Wednesday, June 12, 2002

Anti-Nuclear Activists in India Warn of Ignorance


NEW DELHI -- Unlike their Western counterparts, India's antinuclear activists are a lonely bunch.

But talk of a potential nuclear conflict between India and Pakistan has suddenly raised their profile with a recent cover story in the country's leading news magazine, India Today, showing people fleeing a giant mushroom cloud and a headline, "What If?"

Still, India's antinuclear movement says there is huge ignorance about the devastating consequences of a nuclear war in a country where hundreds of millions of people have to devote their energy to eking out a subsistence living.
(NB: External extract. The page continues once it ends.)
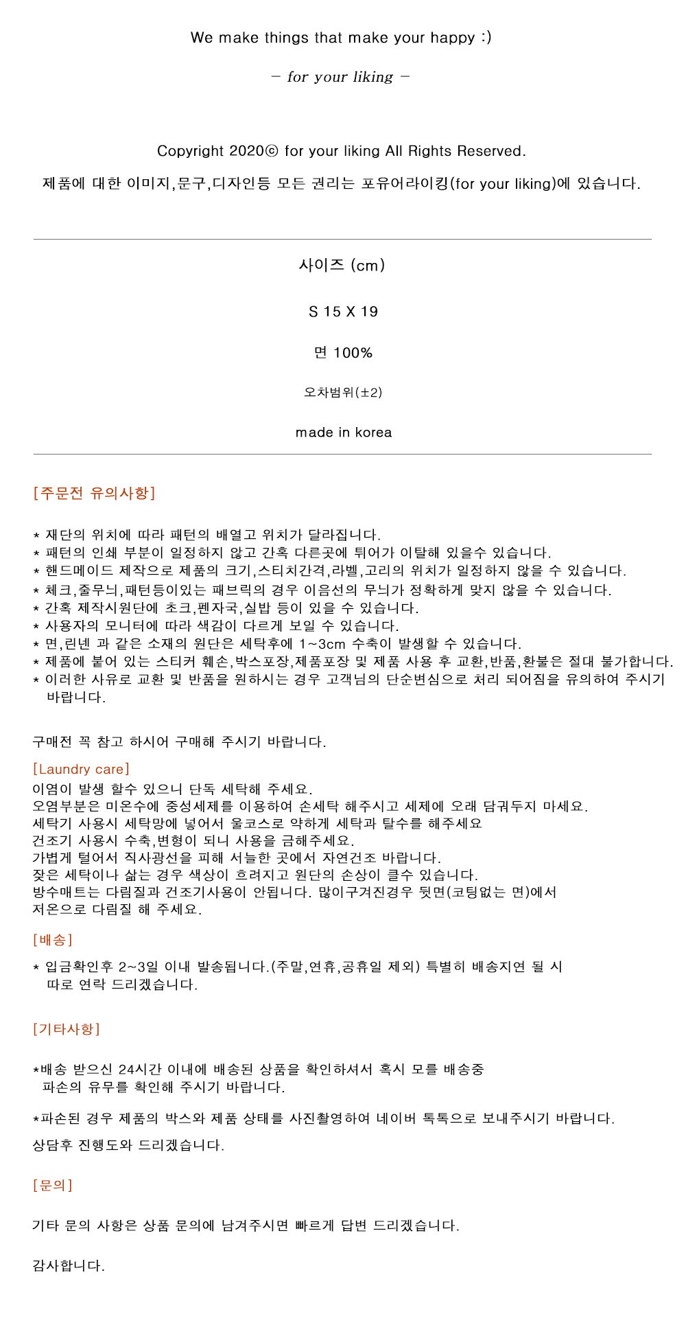 자체제작하는 디자인 브랜드 for your liking 입니다 :)

"People in India are preoccupied with everyday problems and don't know what nuclear weapons are - they don't even know the fact that even a 'limited' nuclear war can kill millions," said Achin Vanaik, an executive member of the Coalition for Nuclear Peace and Disarmament.

In India, antinuclear activists are often accused of being unpatriotic because the country's membership in the nuclear club is seen by many as affirmation of its big power status, Vanaik said in an interview.

The antinuclear coalition, which bands together doctors, scientists, academics, social activists and writers, and runs on a shoestring out of members' homes, was founded two years after India held nuclear tests in 1998.